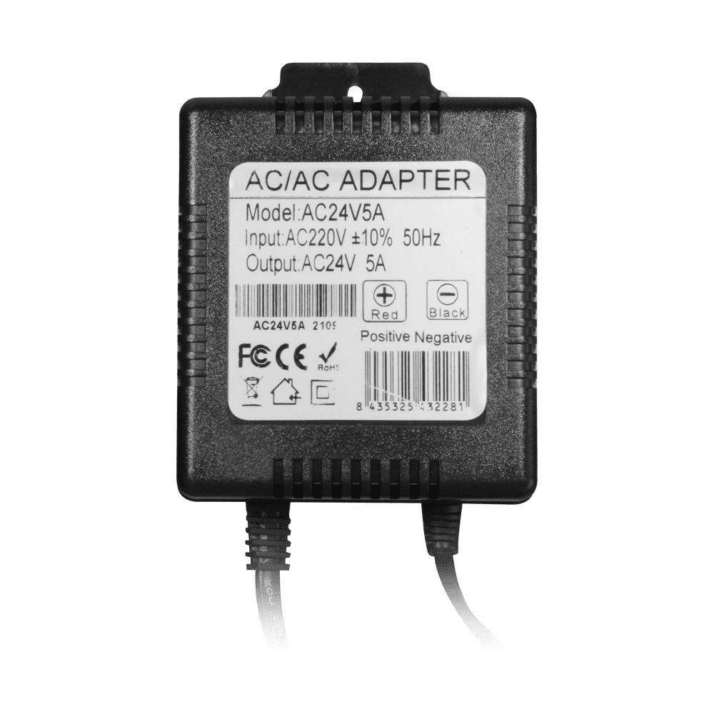 Transformador AC/AC – Entrada AC 230 V – Saída AC 24 V 5 A – Comprimento de cabos 1 m – 102 (Al) x 120 (Lg) x 80 (Fd) mm – 1870 g
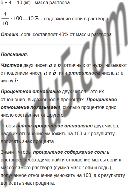 Смешали 6 кг воды и 4 кг соли. Найдите процентное содержание соли в растворе.
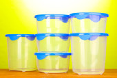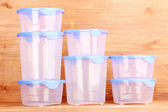 plastikowe pojemniki do żywności na drewnianym stole na zielonym tle
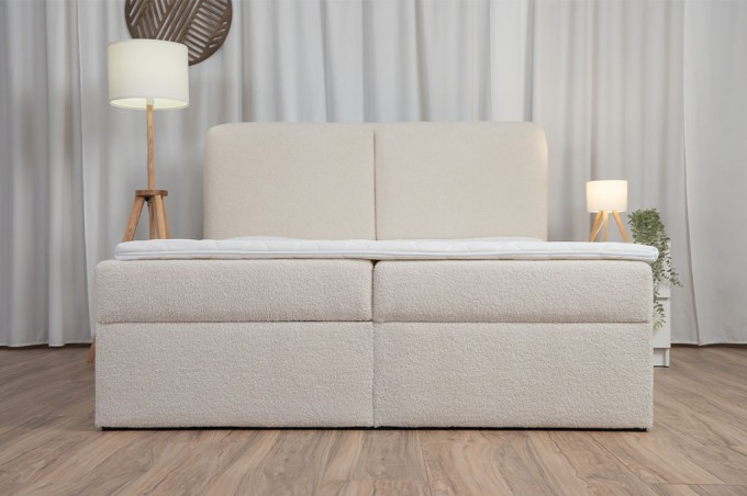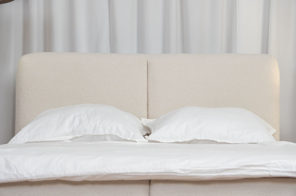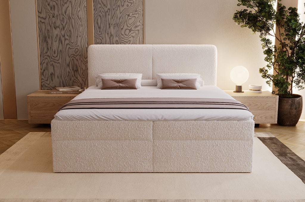 Łóżko zostało obite elegancką tkaniną Lambi, która wyróżnia się miękką, przyjemną w dotyku strukturą typu boucle (tzw. „baranek”). Materiał ten nie tylko prezentuje się niezwykle stylowo, ale również jest odporny na codzienne użytkowanie, łatwy w pielęgnacji i trwały – idealny do nowoczesnych oraz przytulnych wnętrz.
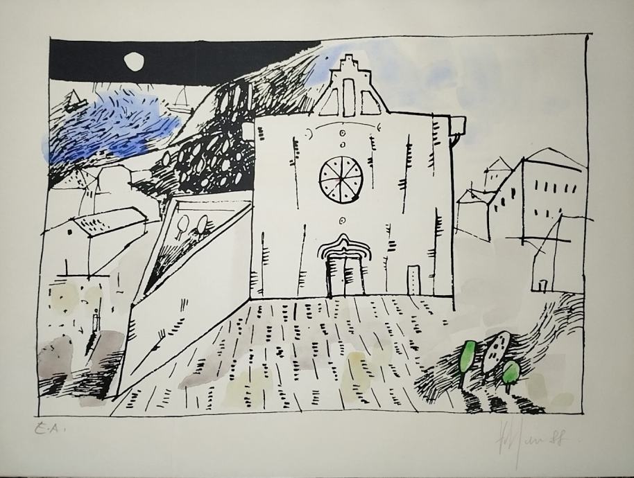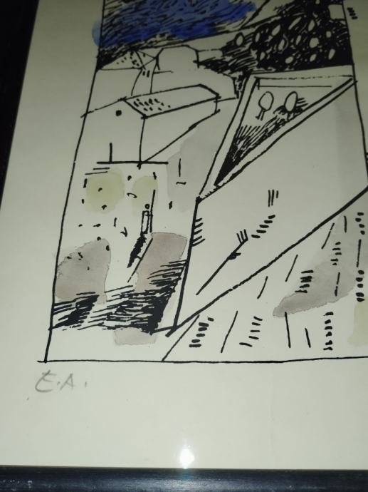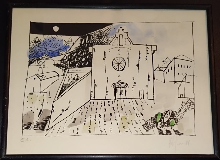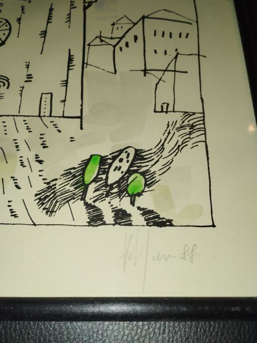 Grafika iz 1988.g. Autor je akademski slikar Zlatan Vrkljan. Uramljeno. S okvirom 41/32cm.
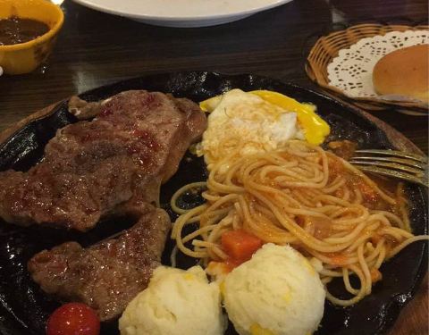 好久没吃牛排了,我们点了两份菲力牛排,女朋友的那一份牛排很嫩,吃起来很脆,好吃,一点筋都没有,我的就劲道十足,哈哈,很好,有的嚼,爽,这边的水果相当新鲜,而且也合我口味,有苹果,香蕉,哈密瓜,果冻...好久没吃牛排了,我们点了两份菲力牛排,女朋友的那一份牛排很嫩,吃起来很脆,好吃,一点筋都没有,我的就劲道十足,哈哈,很好,有的嚼,爽,这边的水果相当新鲜,而且也合我口味,有苹果,香蕉,哈密瓜,果冻口感也合适。还有酱料,最最重要的其实是那个玉米浓汤,超级好喝。嗯嗯,不错的一次用餐。
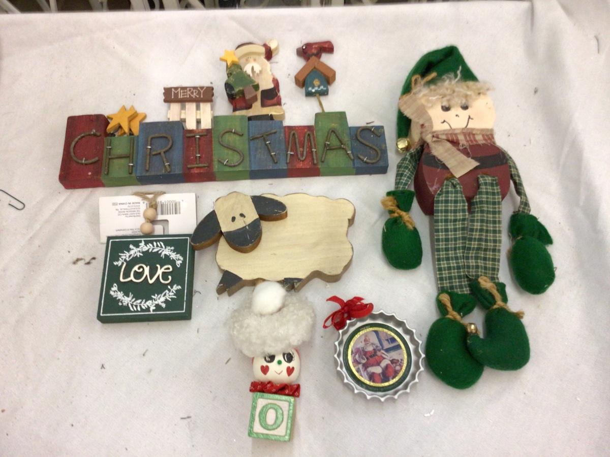 You get lots of Christmas decor. Santa, angles, wood signs, and wood Santa sign.
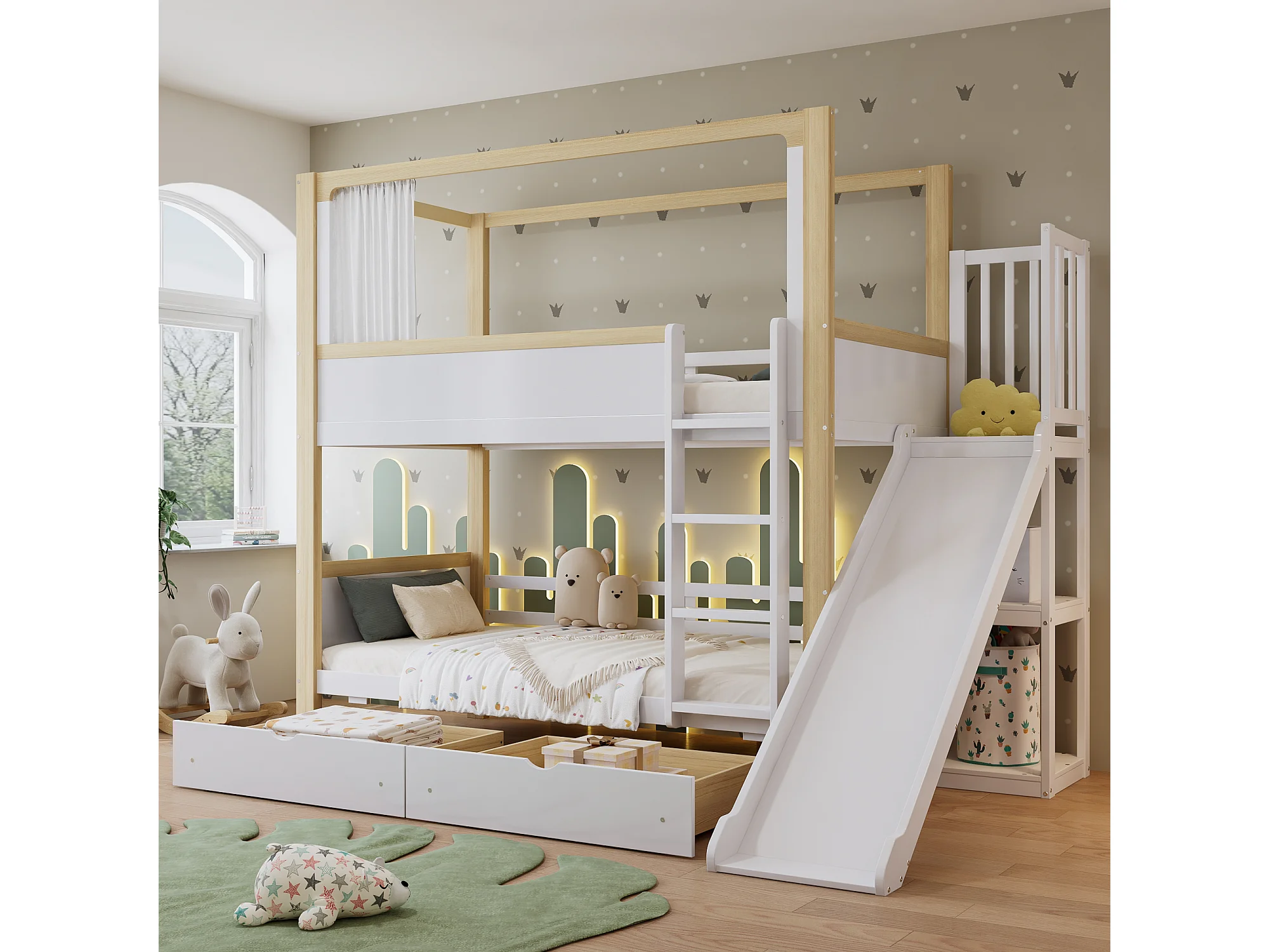 Litera 160x200cm cama infantil moderna con almacenamiento y escalera madera y MDF para habitación Blanco y natural (Sin colchón)
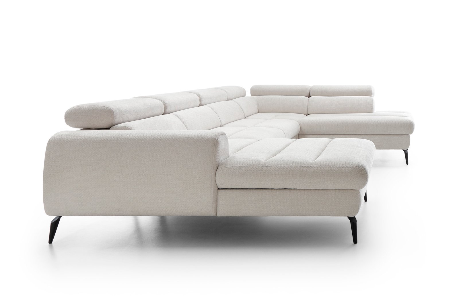 TINDRA U – tai elegantiškas ir funkcionalus U formos minkštas kampas, sukurtas išskirtiniam komfortui bei šiuolaikiškam interjerui. Šviesus audinys, modernios formos ir subtiliai išlenkti atlošai suteikia baldui lengvumo, o reguliuojamos galvos atramos leidžia mėgautis poilsiu individualiai pritaikant sėdėjimo padėtį.
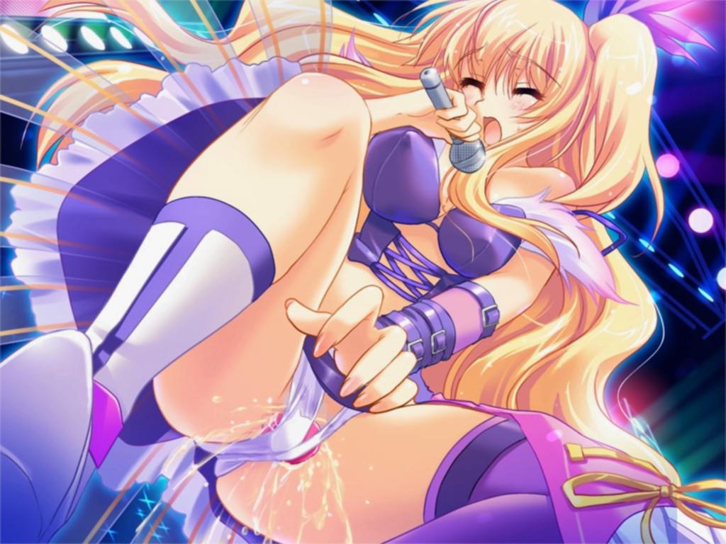 Певица извращенка, развратная певица с вибратором в щелке во время своего концерта, микрофон у рта, щелка течет, опускает руку на юбку, чтобы скрыть все это, кончающая блондинка на сцене.
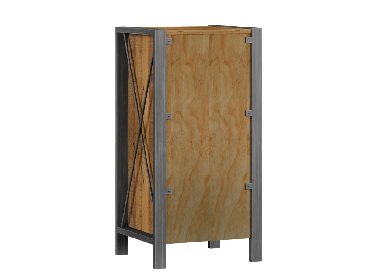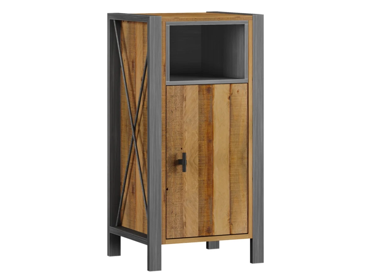 Masivní koupelnová spodní skříňka Detroit, vyrobená z recyklované borovice a kovu, je ideálním řešením pro stylovou a udržitelnou koupelnu. S lakovaným hnědým povrchem dodá vašemu prostoru teplý, přírodní vzhled a nabízí dostatek úložného prostoru díky svým kompaktním rozměrům 40 x 35 x 80 cm.
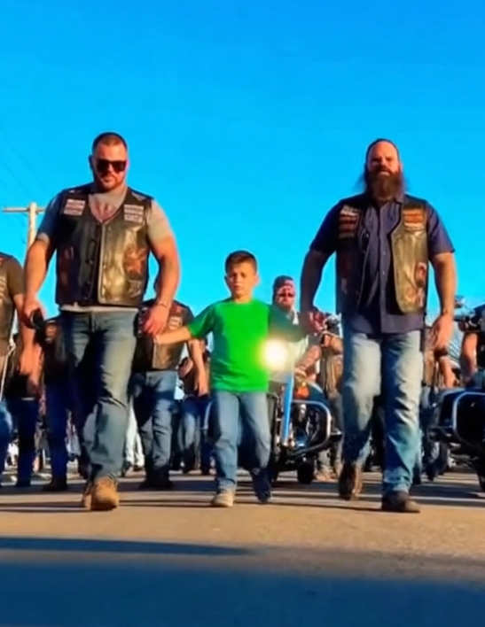 And so, for the first time in weeks, my son stepped forward. Boots thudded in rhythm as forty-seven men walked him to school, their engines idling behind them like a heartbeat of protection. Neighbors froze mid-sip of coffee, stunned by the sight — a child between giants, grief wrapped in brotherhood.
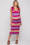 An open knit crochet maternity dress featuring adjustable straps and a scoop neckline. Dress is lined.
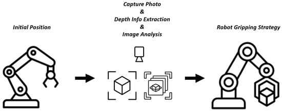 For complex tasks such as picking up stacked objects, a reliable strategy is crucial. For instance, Farag et al. [5] delve into the development of an effective sorting algorithm, specifically engineered for object classification based on color, in conjunction with a proficient robotic arm. The system comprises a conveyor belt, a precision-driven robotic arm, and a dedicated camera for RGB color-based object detection. This algorithm effectively identifies and localizes red, green, and blue objects. This capability allows the robotic arm to precisely pick items of the desired color from the moving conveyor belt and deposit them into corresponding bins. In-depth kinematic analysis of the robotic arm, precise object detection utilizing RGB color ranges, and autonomous object sorting collectively contribute to the system’s capabilities, achieving high sorting efficiency in optimized operations. Moreover, Capkan et al. [6] focus on robotic handling within industrial settings, specifically on objects with diverse geometric configurations. The study introduces two contributions: firstly, the configuration of a robotic arm designed for complex pick-and-place tasks, equipped with inverse kinematics and a virtual simulation environment; secondly, a revolutionary edge detection methodology grounded in knowledge-based rules, which generates stable training patterns and precisely identifies object centers. This approach achieved significant results by training a deep learning classifier, including AlexNet, GoogleNet, and ResNet, using edge image datasets. This approach enables autonomous object recognition, coordinate extraction, and seamless guidance of a microcontroller-controlled robotic arm for pinpoint pick-and-place operations more effectively than with raw images.
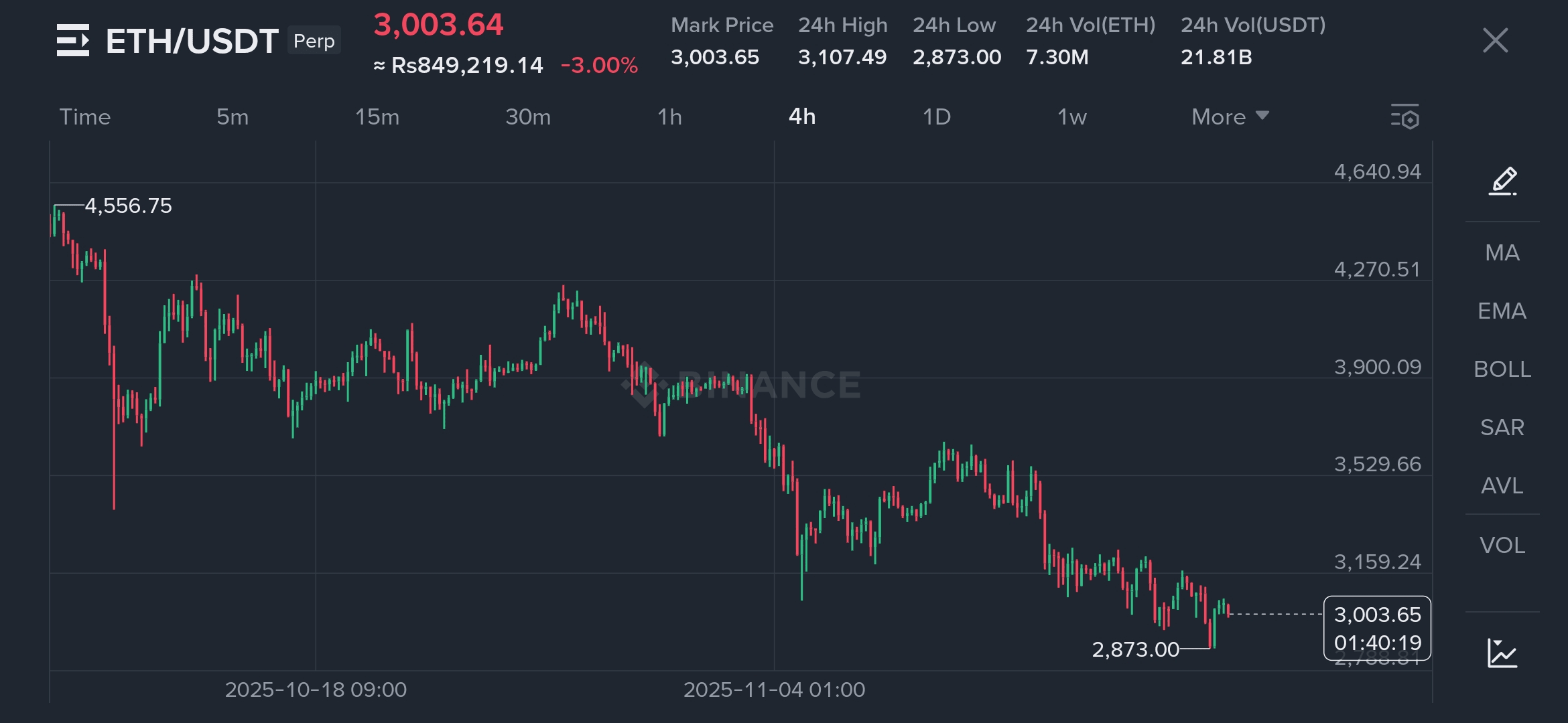 Il prezzo è sceso da un massimo di circa $4,556.75 (il 18 ottobre) al prezzo attuale di $3,003.64 (il 20 novembre), toccando un recente minimo intorno a $2,873.00. Questo dimostra una forte tendenza ribassista nel periodo osservato.

┄┄┄┄┄┄

■ **PROBLEM TO SOLVE**: Above are some records; quote exactly and only the lines that begin at the line containing "plastikowe pojemniki do" and stop after the line containing "Grafika iz 1988.g.", leaving out the pictures.

■ **EXPECTED ANSWER**:
 plastikowe pojemniki do żywności na drewnianym stole na zielonym tle
 Łóżko zostało obite elegancką tkaniną Lambi, która wyróżnia się miękką, przyjemną w dotyku strukturą typu boucle (tzw. „baranek”). Materiał ten nie tylko prezentuje się niezwykle stylowo, ale również jest odporny na codzienne użytkowanie, łatwy w pielęgnacji i trwały – idealny do nowoczesnych oraz przytulnych wnętrz.
 Grafika iz 1988.g. Autor je akademski slikar Zlatan Vrkljan. Uramljeno. S okvirom 41/32cm.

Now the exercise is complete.